1.    Face aux tensions mondiales, le protectionnisme est de retour

Pendant de longues années, les échanges internationaux de biens et services ont augmenté à un rythme supérieur à la croissance du PIB mondial, signe d'une intégration croissante des économies nationales. Le principe de bon sens selon lequel chacun se spécialise dans ce qu'il fait de mieux et l'échange contre ce qu'il ne fait plus a amené l'amélioration de la prospérité de tous les pays et contribué à la baisse considérable de la pauvreté planétaire. Outre la spécialisation, l'accroissement de la pression concurrentielle due à la globalisation a fait fortement baisser les prix, dynamisant l'innovation et augmentant fortement les gains des consommateurs en termes de pouvoir d'achat. Au-delà de l'économie, cette évolution favorable des échanges a habitué les peuples à se regarder comme membre d'une même communauté-monde où il est dans l'intérêt de tous de collaborer, plutôt que de s'affronter.

Le Covid-19 a mis un coup d'arrêt net à cette évolution en mettant en évidence les inconvénients d'être dépendant d'autres pays lorsqu'un choc externe interrompait les échanges. Pendant la crise du Covid-19, des situations extrêmes ont conduit à des non-respects de contrats commerciaux face à la priorité donnée aux intérêts nationaux par les pays producteurs de denrées rares (masques, respirateurs, composants électroniques mais aussi vaccins efficaces).

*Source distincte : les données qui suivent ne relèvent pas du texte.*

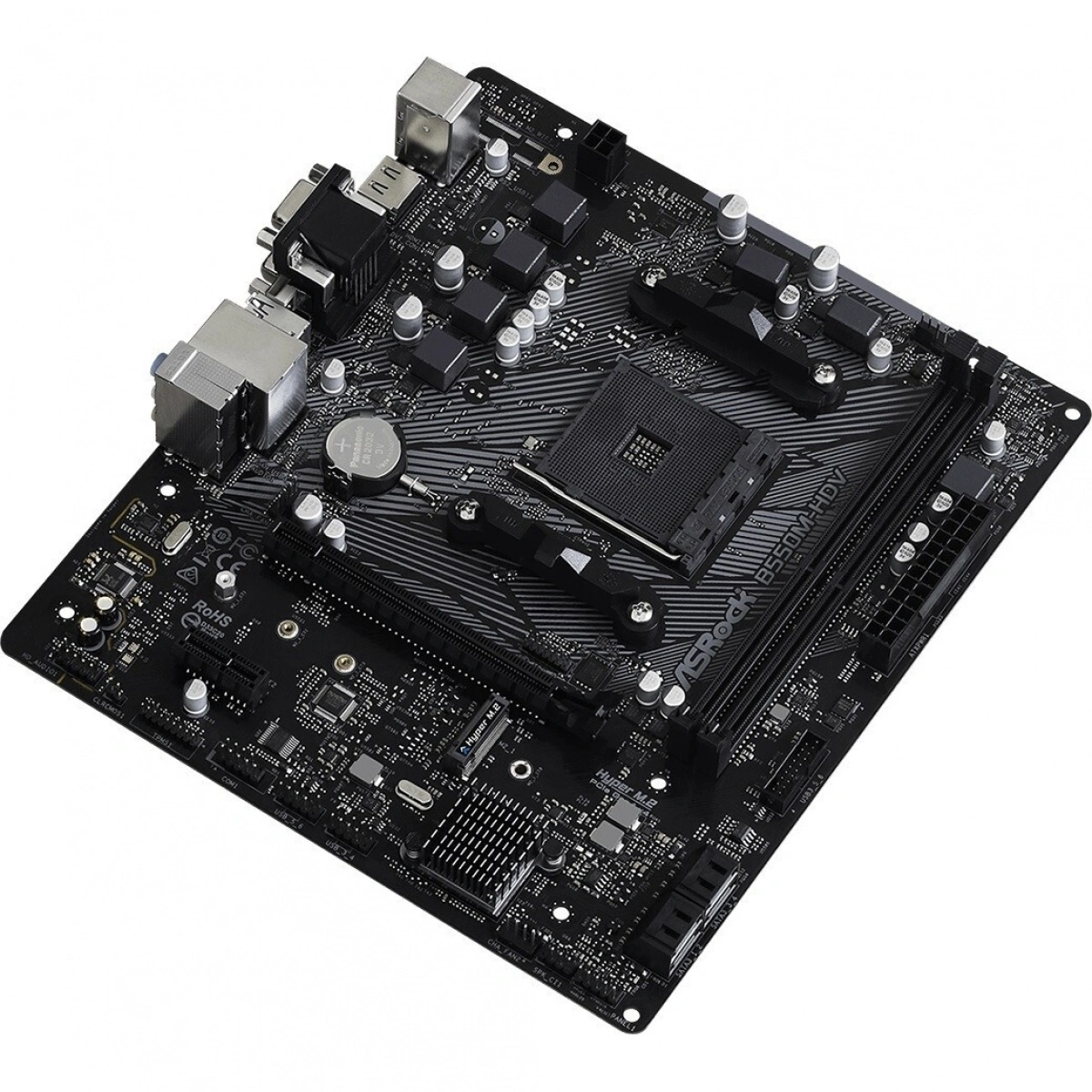 Если вы мечтаете о высокой производительности вашего стационарного компьютера, обратите ваше внимание на материнскую плату ASRock B550M-HDV. Представленная модель, выполненная в форм-факторе Micro-ATX, имеет габариты 230x201 мм. Ее можно установить в подавляющее большинство существующих корпусов. Предусмотренная в данной материнской плате технология ASRock Full Spike Protection убережет ее от внезапных скачков напряжения, избавив от сбоев в работе всей системы. Устройство сконструировано на чипсете AMD B550, предусмотрены два слота под плашки оперативной памяти DDR4-типа с частотой в диапазоне от 2133 МГц до 4733+ МГц. Их суммарный объем может достигать 64 ГБ.

La guerre en Ukraine a constitué une autre douche froide. Le choix purement économique du gaz le moins cher a généré un manque de diversification des sources d'approvisionnement qui ont posé des difficultés significatives aux entreprises industrielles européennes lorsque la Russie a fermé le robinet.

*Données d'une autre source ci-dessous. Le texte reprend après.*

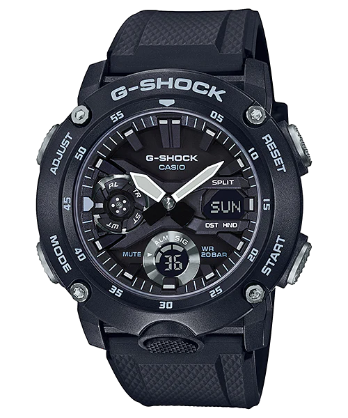Combining rugged resilience with sharp sophistication, the G-Shock GA2000S-1A men’s watch features a carbon core guard structure encased in carbon and resin for exceptional durability. The black resin band and mineral glass offer a sleek, sport-inspired silhouette, while the multidimensional face is set off by a bold front button and luminous accents. Engineered for performance, it includes a super illuminator double LED light, 200-meter water resistance, world time, stopwatch, countdown timer, and five daily alarms. Designed for dynamic lifestyles, this quartz movement timepiece blends toughness with modern design, making it a standout in the sport watch category.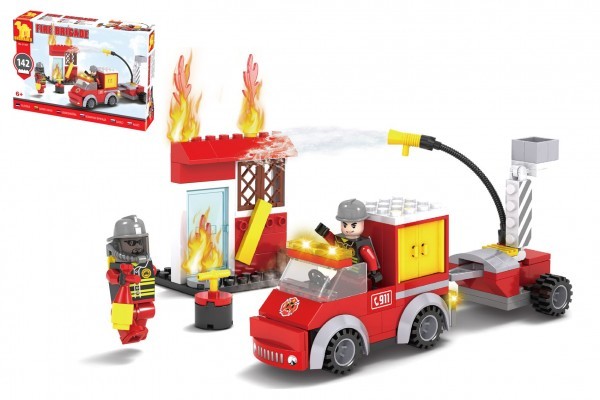 Kostky stavebnice Dromader hasiči 142 dílků v krabičce 22x15x5cm

La guerre en Ukraine et l'émergence de l'impérialisme de la Chine a rappelé qu'il était dangereux de dépendre économiquement de pays à régime politique autocratique. Il est également apparu que la concentration géographique représente un risque majeur, longtemps sous-estimé. Ainsi, la tendance actuelle est plutôt au repli sur soi, la défiance remplace la confiance, et le « consommer national » remplace le « consommer le meilleur ».

2.    Le nouveau protectionnisme américain

Le retour du protectionnisme aux Etats-Unis initié par le président Donald Trump a mis également un coup d'arrêt à la globalisation. En 2018, Donald Trump avait activé divers tarifs douaniers pour donner une bouffée d'oxygène aux industries affaiblies par les importations provenant du reste du monde, tout en ciblant la Chine en priorité.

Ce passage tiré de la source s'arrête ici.